Assignment =
Print out the entries exactly, and include each one.

[Data Boundary: Start]

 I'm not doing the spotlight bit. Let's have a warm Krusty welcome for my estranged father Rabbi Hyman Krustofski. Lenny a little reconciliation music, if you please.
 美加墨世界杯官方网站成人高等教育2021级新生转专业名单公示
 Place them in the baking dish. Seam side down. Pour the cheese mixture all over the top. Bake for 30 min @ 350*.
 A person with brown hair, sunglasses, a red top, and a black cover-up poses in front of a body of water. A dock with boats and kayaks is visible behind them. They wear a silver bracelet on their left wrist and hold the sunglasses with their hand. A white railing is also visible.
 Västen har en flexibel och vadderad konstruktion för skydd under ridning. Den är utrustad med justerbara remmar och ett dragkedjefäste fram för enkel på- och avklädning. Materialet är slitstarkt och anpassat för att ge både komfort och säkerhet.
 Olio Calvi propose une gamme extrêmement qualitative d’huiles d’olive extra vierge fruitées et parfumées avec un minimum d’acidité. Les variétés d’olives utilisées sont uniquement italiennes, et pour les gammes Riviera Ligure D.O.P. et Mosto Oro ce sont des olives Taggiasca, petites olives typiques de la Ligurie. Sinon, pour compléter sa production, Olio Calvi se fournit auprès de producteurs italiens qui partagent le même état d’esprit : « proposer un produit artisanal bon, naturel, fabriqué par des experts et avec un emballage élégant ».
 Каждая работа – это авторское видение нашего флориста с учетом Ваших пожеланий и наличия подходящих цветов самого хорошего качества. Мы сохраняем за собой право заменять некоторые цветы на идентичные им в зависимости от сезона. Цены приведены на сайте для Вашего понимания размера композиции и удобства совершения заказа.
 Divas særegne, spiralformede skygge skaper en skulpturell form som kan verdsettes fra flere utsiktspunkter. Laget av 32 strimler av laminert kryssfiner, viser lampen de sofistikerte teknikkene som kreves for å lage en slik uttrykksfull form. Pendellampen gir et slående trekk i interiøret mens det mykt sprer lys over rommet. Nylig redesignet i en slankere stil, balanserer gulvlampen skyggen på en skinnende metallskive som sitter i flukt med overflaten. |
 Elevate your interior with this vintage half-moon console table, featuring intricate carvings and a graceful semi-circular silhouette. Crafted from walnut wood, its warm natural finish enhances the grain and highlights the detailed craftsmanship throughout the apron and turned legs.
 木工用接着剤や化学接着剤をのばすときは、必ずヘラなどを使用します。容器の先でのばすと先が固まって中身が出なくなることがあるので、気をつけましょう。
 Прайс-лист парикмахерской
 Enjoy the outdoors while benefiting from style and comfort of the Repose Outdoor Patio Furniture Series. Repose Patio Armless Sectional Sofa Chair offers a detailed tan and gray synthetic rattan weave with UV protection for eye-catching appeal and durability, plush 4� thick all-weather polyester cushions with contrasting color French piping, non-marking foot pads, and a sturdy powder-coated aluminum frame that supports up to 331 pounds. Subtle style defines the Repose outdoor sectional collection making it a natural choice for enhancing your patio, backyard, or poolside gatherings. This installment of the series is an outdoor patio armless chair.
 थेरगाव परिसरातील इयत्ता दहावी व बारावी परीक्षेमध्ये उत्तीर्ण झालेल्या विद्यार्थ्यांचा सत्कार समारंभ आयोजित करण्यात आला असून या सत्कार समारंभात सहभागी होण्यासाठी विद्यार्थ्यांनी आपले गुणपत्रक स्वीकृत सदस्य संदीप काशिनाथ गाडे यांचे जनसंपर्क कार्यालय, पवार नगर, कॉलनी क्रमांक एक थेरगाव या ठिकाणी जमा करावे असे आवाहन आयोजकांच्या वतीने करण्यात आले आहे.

[Data Boundary: End]

Answer to this task =
 I'm not doing the spotlight bit. Let's have a warm Krusty welcome for my estranged father Rabbi Hyman Krustofski. Lenny a little reconciliation music, if you please.
 美加墨世界杯官方网站成人高等教育2021级新生转专业名单公示
 Place them in the baking dish. Seam side down. Pour the cheese mixture all over the top. Bake for 30 min @ 350*.
 A person with brown hair, sunglasses, a red top, and a black cover-up poses in front of a body of water. A dock with boats and kayaks is visible behind them. They wear a silver bracelet on their left wrist and hold the sunglasses with their hand. A white railing is also visible.
 Västen har en flexibel och vadderad konstruktion för skydd under ridning. Den är utrustad med justerbara remmar och ett dragkedjefäste fram för enkel på- och avklädning. Materialet är slitstarkt och anpassat för att ge både komfort och säkerhet.
 Olio Calvi propose une gamme extrêmement qualitative d’huiles d’olive extra vierge fruitées et parfumées avec un minimum d’acidité. Les variétés d’olives utilisées sont uniquement italiennes, et pour les gammes Riviera Ligure D.O.P. et Mosto Oro ce sont des olives Taggiasca, petites olives typiques de la Ligurie. Sinon, pour compléter sa production, Olio Calvi se fournit auprès de producteurs italiens qui partagent le même état d’esprit : « proposer un produit artisanal bon, naturel, fabriqué par des experts et avec un emballage élégant ».
 Каждая работа – это авторское видение нашего флориста с учетом Ваших пожеланий и наличия подходящих цветов самого хорошего качества. Мы сохраняем за собой право заменять некоторые цветы на идентичные им в зависимости от сезона. Цены приведены на сайте для Вашего понимания размера композиции и удобства совершения заказа.
 Divas særegne, spiralformede skygge skaper en skulpturell form som kan verdsettes fra flere utsiktspunkter. Laget av 32 strimler av laminert kryssfiner, viser lampen de sofistikerte teknikkene som kreves for å lage en slik uttrykksfull form. Pendellampen gir et slående trekk i interiøret mens det mykt sprer lys over rommet. Nylig redesignet i en slankere stil, balanserer gulvlampen skyggen på en skinnende metallskive som sitter i flukt med overflaten. |
 Elevate your interior with this vintage half-moon console table, featuring intricate carvings and a graceful semi-circular silhouette. Crafted from walnut wood, its warm natural finish enhances the grain and highlights the detailed craftsmanship throughout the apron and turned legs.
 木工用接着剤や化学接着剤をのばすときは、必ずヘラなどを使用します。容器の先でのばすと先が固まって中身が出なくなることがあるので、気をつけましょう。
 Прайс-лист парикмахерской
 Enjoy the outdoors while benefiting from style and comfort of the Repose Outdoor Patio Furniture Series. Repose Patio Armless Sectional Sofa Chair offers a detailed tan and gray synthetic rattan weave with UV protection for eye-catching appeal and durability, plush 4� thick all-weather polyester cushions with contrasting color French piping, non-marking foot pads, and a sturdy powder-coated aluminum frame that supports up to 331 pounds. Subtle style defines the Repose outdoor sectional collection making it a natural choice for enhancing your patio, backyard, or poolside gatherings. This installment of the series is an outdoor patio armless chair.
 थेरगाव परिसरातील इयत्ता दहावी व बारावी परीक्षेमध्ये उत्तीर्ण झालेल्या विद्यार्थ्यांचा सत्कार समारंभ आयोजित करण्यात आला असून या सत्कार समारंभात सहभागी होण्यासाठी विद्यार्थ्यांनी आपले गुणपत्रक स्वीकृत सदस्य संदीप काशिनाथ गाडे यांचे जनसंपर्क कार्यालय, पवार नगर, कॉलनी क्रमांक एक थेरगाव या ठिकाणी जमा करावे असे आवाहन आयोजकांच्या वतीने करण्यात आले आहे.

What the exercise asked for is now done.